Match a query against a sexp. Then, for each successful match, perform a replacement where the subsexp or subsequence of sexps in the match corresponding to the replace label gets replaced according to with_ and wrap_mode.

The replacement is the result of substituting all of the captures of that match into the formats specified by with_. I.e. it replaces the sexp sequences of each capture of replace with what would be output by Output_method.Formats (wrap_mode, with_). In most common use cases, with_ will have length 1, but it is also okay for it to be length 0 (delete the labeled sexp) or of greater length (replace the labeled sexp(s) with multiple sexps).
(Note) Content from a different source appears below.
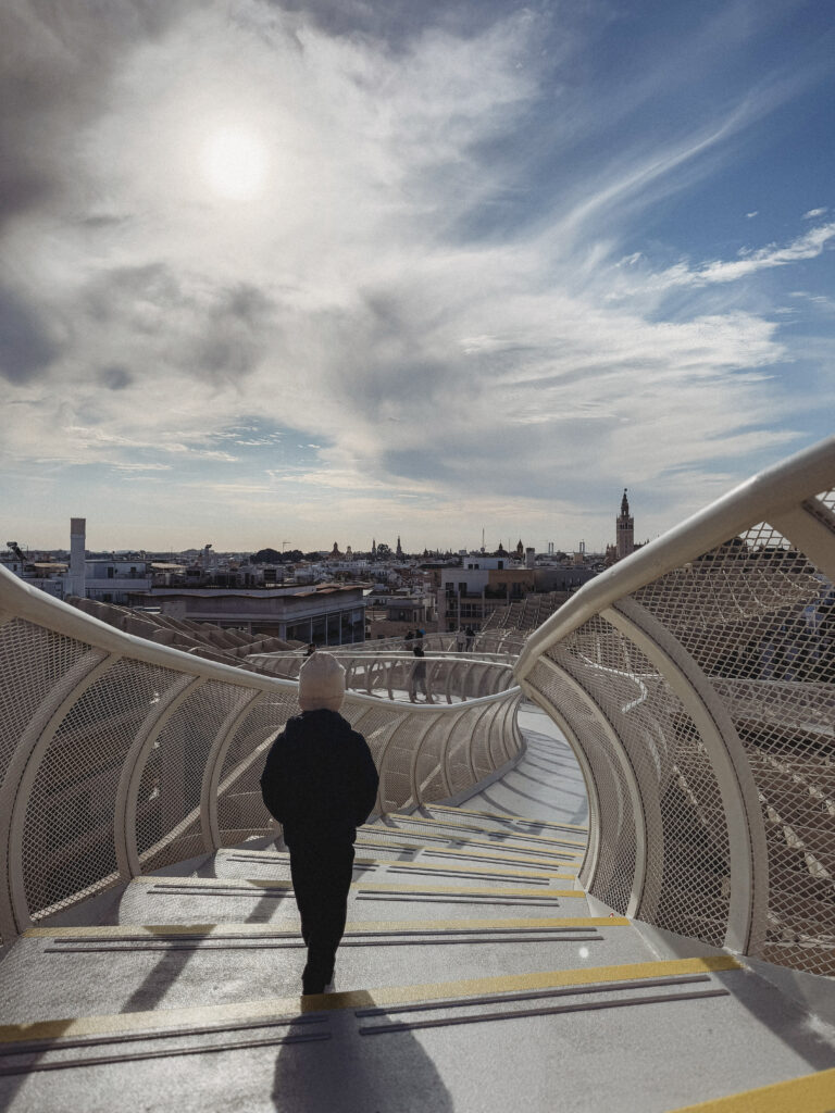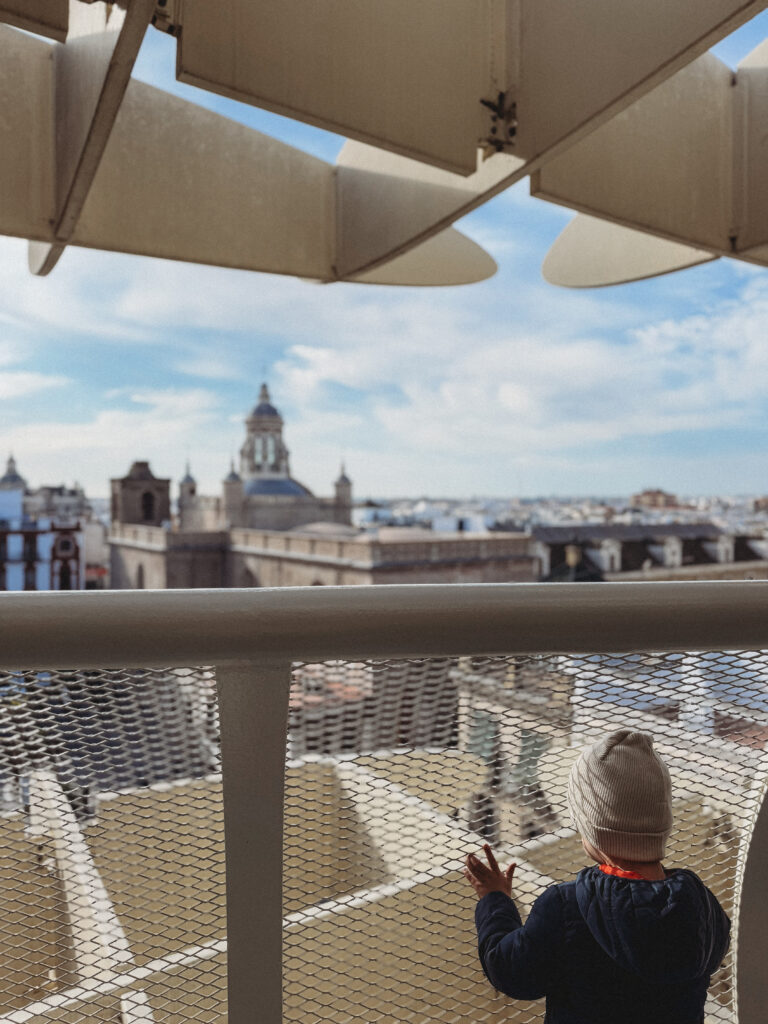 Kiedy Stefik zasnął udało mi się porwać Janka na Setas de Sevilla, czyli największą drewnianą konstrukcję w Europie. Bilet kosztował około 15 euro i upoważniał do dwukrotnego wejścia, więc wieczorem ponownie odwiedziliśmy to miejsce. Płaciłam tylko ja, Janek miał wstęp gratis. Kiedy Andrzej w towarzystwie śpiącego niemowlaka pił w spokoju kolejne espresso, my biegaliśmy po schodach w chmurach. Udało nam się nawet zaliczyć 10-minutowy seans filmowy o kulturze i tradycji andaluzyjskiej:) Z naszej „randeczki”, jak nazywamy z Jasiem wyjścia tylko we dwoje, wyrwał nas telefon od taty – Stefan się obudził, wracajcie. Tak oto mąż ściągnął nas dosłownie z nieba na ziemię, a kolejnego dnia zabrał nad morze.

If replacements would happen at both a sexp and one of its subsexps, the replacement only occurs for the outer sexp. If two replacements would overlap at the same level (e.g. in "a b c" one replacement removes "a b" and another removes "b c"), an arbitrary one of them will happen and the other will not.

The return type is a list because if the *entire* sexp itself is the target being replaced, then the result of replacement will have length equal to with_ upon any successful match, for example returning an empty list if with_ specifies to delete the whole sexp upon a match.

val replace' : query:Query.t -> f:(Core.Sexp.t list Core.String.Map.t -> Core.Sexp.t list Core.String.Map.t) -> Core.Sexp.t -> Core.Sexp.t list

replace' is like replace except that instead of a simple replacement, one can specify a function to compute replacements.

f is passed a map from capture label to the sexp sequence captured by that label. f should return a map from capture label to the new sexp sequence that should be used as a replacement.

If no replacement is desired for a given label, f can omit that label entirely in the map it returns - that part of the original sexp will then remain unchanged.

If there are multiple matches and two different calls to f overlap in what subsexps they indicate should be replaced in the original underlying sexp, only the outermost and/or the first of those f's replacements happen.

Note that this means that there is a difference between f acting as the identity on a given label and f omitting returning that label entirely. In the first case, the identity replacement will happen, excluding any overlapping replacements, while the second will not exclude overlapping replacements.